API Overview¶
Base URL¶
Production: https://api.substrate.example.com/api/v1
Development: http://localhost:8000/api/v1
Authentication¶
The master API contract includes browser, automation, webhook, and internal surfaces. Browser-facing routes use the frontend contract; automation consumers should use the automation contract.
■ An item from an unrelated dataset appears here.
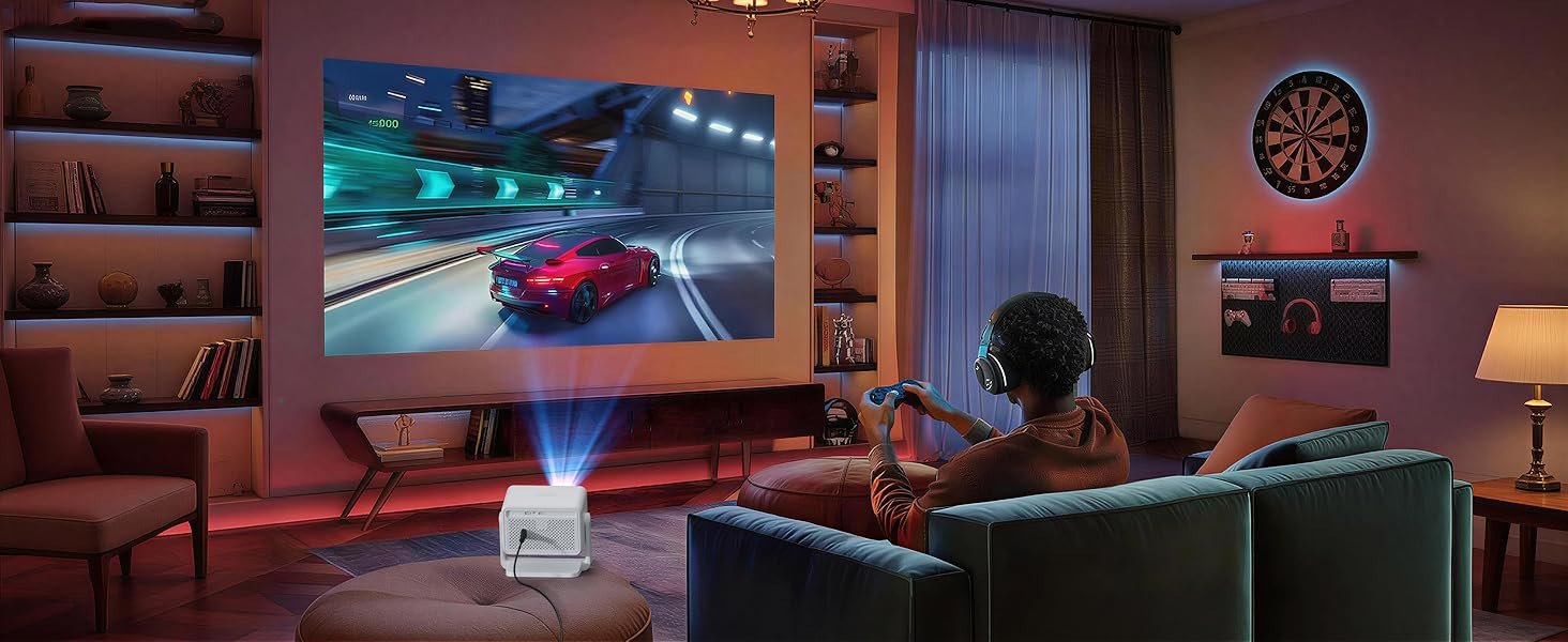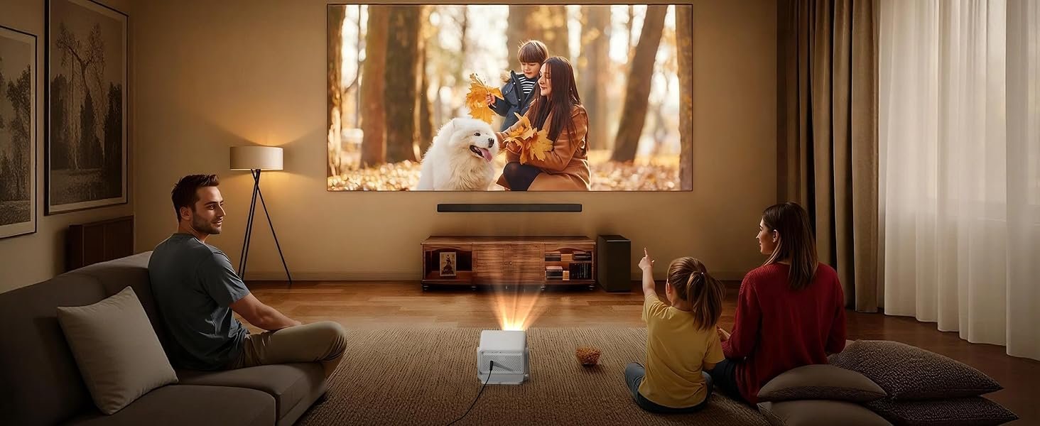 【Full Auto-Correction System, Perfectly Aligned from the Start】 Never manually adjust your movie projector again. Our Auto Focus, Auto Keystone, Auto Obstacle Avoidance, and Auto Screen Alignment work in unison in this projector auto focus to deliver a crisp, rectangular image in seconds. Intelligent sensors continuously monitor the environment, ensuring the picture stays sharp and perfectly fitted—whether using it as a wall projector, ceiling projector, or on any uneven surface.

Authenticated routes use one of:
1. JWT Bearer Token (Frontend)¶
Authorization: Bearer <jwt-token>
Obtain via OIDC authentication flow with Keycloak.
2. API Key (Automation)¶
X-API-Key: <api-key>
Create and manage API tokens via /auth/tokens.
Response Format¶
Success Response¶
{
"data": { ... },
"meta": {
"total": 100,
"offset": 0,
"limit": 20
}
}
Error Response¶
{
"error": {
"code": "RESOURCE_NOT_FOUND",
"message": "Community not found: platform",
"detail": { "resource": "community", "id": "platform" }
}
}
HTTP Status Codes¶
| Code | Meaning |
|---|---|
| 200 | OK — Successful GET, PATCH |
| 201 | Created — Successful POST |
| 204 | No Content — Successful DELETE |
| 400 | Bad Request — Validation error |
| 401 | Unauthorized — Missing/invalid auth |
| 403 | Forbidden — Insufficient permissions |
| 404 | Not Found — Resource doesn't exist |
| 422 | Unprocessable Entity — Schema validation failed |
| 500 | Internal Server Error — Unexpected error |
Pagination¶
List endpoints support pagination via query parameters:
GET /api/v1/communities?offset=0&limit=20
Response includes pagination metadata:
{
"data": [...],
"meta": {
"total": 100,
"offset": 0,
"limit": 20,
"has_more": true
}
}
Rate Limiting¶
API requests are rate-limited per authentication method:
| Method | Limit |
|---|---|
| JWT Bearer | 1000 requests/minute |
| API Key | 100 requests/minute |
Rate limit headers included in responses:
X-RateLimit-Limit: 1000
X-RateLimit-Remaining: 999
X-RateLimit-Reset: 1640995200
Error Codes¶
Common error codes by category:
Authentication (401)¶
| Code | Description |
|---|---|
TOKEN_EXPIRED |
JWT token has expired |
TOKEN_INVALID |
JWT token is malformed |
API_KEY_INVALID |
API key is invalid or revoked |
MISSING_AUTHORIZATION |
No auth header provided |
Resources (404)¶
| Code | Description |
|---|---|
COMMUNITY_NOT_FOUND |
Community doesn't exist |
POLICY_NOT_FOUND |
Policy doesn't exist |
USER_NOT_FOUND |
User doesn't exist |
Validation (422)¶
| Code | Description |
|---|---|
VALIDATION_ERROR |
Request body validation failed |
INVALID_JSON |
Request body is not valid JSON |
MISSING_REQUIRED_FIELD |
Required field not provided |
Client Groups¶
Endpoints are tagged with x-substrate-client-group for derived contract generation:
frontend-session— Browser-facing session routesautomation— Service-account and scripted administration routeswebhook— Inbound webhook receiversinternal— Operational platform routes
SDK Generation¶
TypeScript¶
./api/generate-types.sh
The UI types are generated from api/openapi.frontend.yml.
Python¶
pip install openapi-python-client
openapi-python-client generate --url https://api.substrate.example.com/openapi.json
Versioning¶
API versioning is URL-based:
/api/v1/... # Current version
/api/v2/... # Future versions
The OpenAPI specification is the source of truth for API contracts.